Well I kind of fixed it
By tapping on the back of the laptop

All of a sudden started having the issue after a reboot about a week ago as well, using Ubuntu 20.04.

Things i’ve tried so far:

  • Upgrading Ubuntu 20.04
  • Upgrading/Downgrading NVIDIA driver via run file (450.66 / 455.38 / 440.100)
  • Nouveau driver is blacklisted, i tried running another initramfs to update the kernel.

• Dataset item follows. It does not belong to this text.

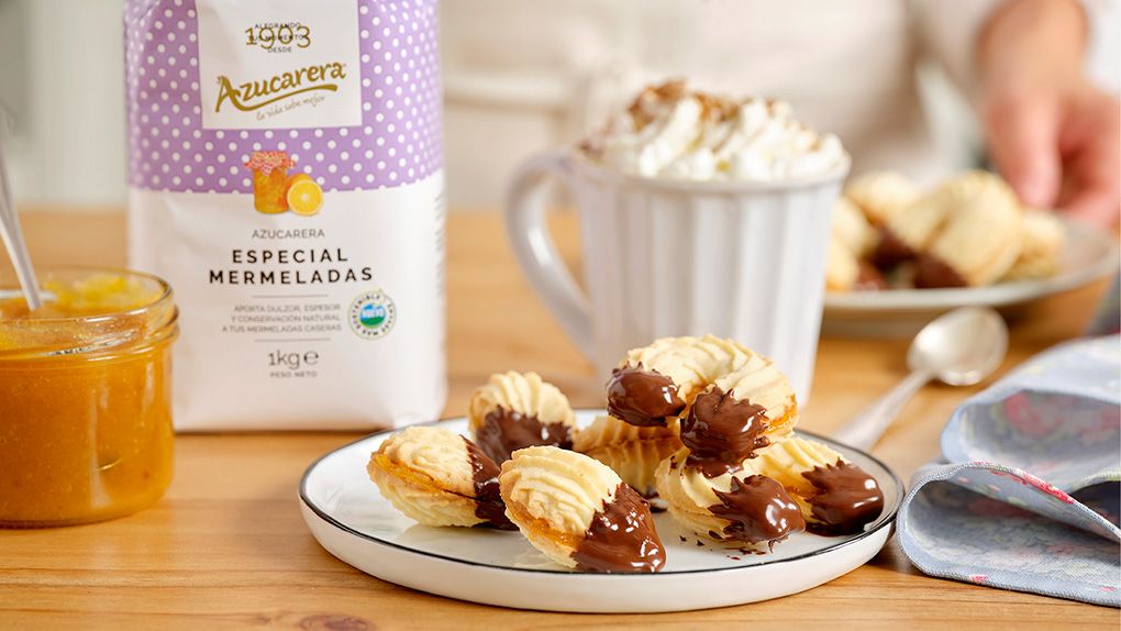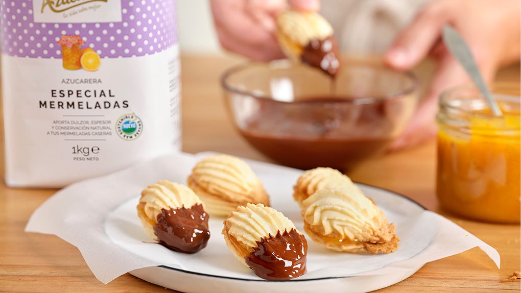7. Rellenar las galletas con la mermelada (si os gusta muy fina triturar) y mojar la punta en el chocolate derretido. Dejar enfriar en la nevera unos 5-6 minutos y servir

I then purged everything e.g

sudo apt-get remove nvidia-* xserver-xorg-* && sudo apt-get purge nvidia-* xserver-xorg-* && sudo apt-get autoclean && sudo apt-get autoremove

Shutdown, and tested the card in a different system where it ran perfectly. Loaded it up to 100% for 2 hours and completed tasks fine. I then put the card back into my Ubuntu Server and reinstalled, this time via aptitude

sudo apt-get install dkms build-essential linux-headers-$(uname -r)
sudo nano /etc/modprobe.d/blacklist.conf
blacklist nouveau
blacklist nvidiafb
alias nouveau off
echo options nouveau modeset=0 | sudo tee -a /etc/modprobe.d/nouveau-kms.conf
sudo apt-get install nvidia-headless-450-server nvidia-utils-450-server nvidia-container-runtime nvidia-container-toolkit nvidia-docker2

Still have the same issue

$ lspci | grep NVIDIA
07:00.0 VGA compatible controller: NVIDIA Corporation GP104 [GeForce GTX 1070] (rev a1)
07:00.1 Audio device: NVIDIA Corporation GP104 High Definition Audio Controller (rev a1)

$ dmesg | grep NVRM
[ 1.569623] NVRM: loading NVIDIA UNIX x86_64 Kernel Module 450.80.02 Wed Sep 23 01:13:39 UTC 2020
[ 65.390214] NVRM: GPU 0000:07:00.0: RmInitAdapter failed! (0x26:0xffff:1266)
[ 65.390403] NVRM: GPU 0000:07:00.0: rm_init_adapter failed, device minor number 0

$ dmesg | grep NVIDIA
[ 1.450276] nvidia: module license ‘NVIDIA’ taints kernel.
[ 1.569623] NVRM: loading NVIDIA UNIX x86_64 Kernel Module 450.80.02 Wed Sep 23 01:13:39 UTC 2020
[ 1.572949] nvidia-modeset: Loading NVIDIA Kernel Mode Setting Driver for UNIX platforms 450.80.02 Wed Sep 23 00:48:09 UTC 2020

$ cat /var/log/kern.log | grep taint
Nov 1 14:13:49 mediabox kernel: [ 1.450269] nvidia: loading out-of-tree module taints kernel.
Nov 1 14:13:49 mediabox kernel: [ 1.450276] nvidia: module license ‘NVIDIA’ taints kernel.
Nov 1 14:13:49 mediabox kernel: [ 1.450278] Disabling lock debugging due to kernel taint
Nov 1 14:13:49 mediabox kernel: [ 1.460693] nvidia: module verification failed: signature and/or required key missing - tainting kernel

$ sudo nvidia-smi
No devices were found

Dear All

I have encountered the same problem: Ubuntu 20.04/RTX2060/Cuda-11.2/nvidia460.32.03

I have also tried Cuda-10.1 but with the same result

$ sudo nvidia-smi
No devices were found

$ sudo lspci -vvv indicates nvidia driver in use

UEFI graphic card set to discrete

I want to install cuDNN, but I prefer to wait until CUDA works properly

BTW:
$ nvcc --version

works properly

Best regards!

EDIT ONE DAY LATER:

Dear All
I have decided to reinstall my Ubuntu 20.04.
At the start I’ve checked nvidia-smi and is OK!
The very first thing that I have installed on ‘naked’ ubuntu is CUDA 11.2 and compatible cuDNN.
Here nvidia-smi behaves still well!
Just after that, another packages relying on CUDA&cuDNN were installed.
Everything works fine and I’m able to use accelerated computing :)

Conclusion: installation order is crucial for success. Updating old CUDA/ repairing broken CUDA can often cause corrupted dependencies, even if you purge everything(as I’ve done before).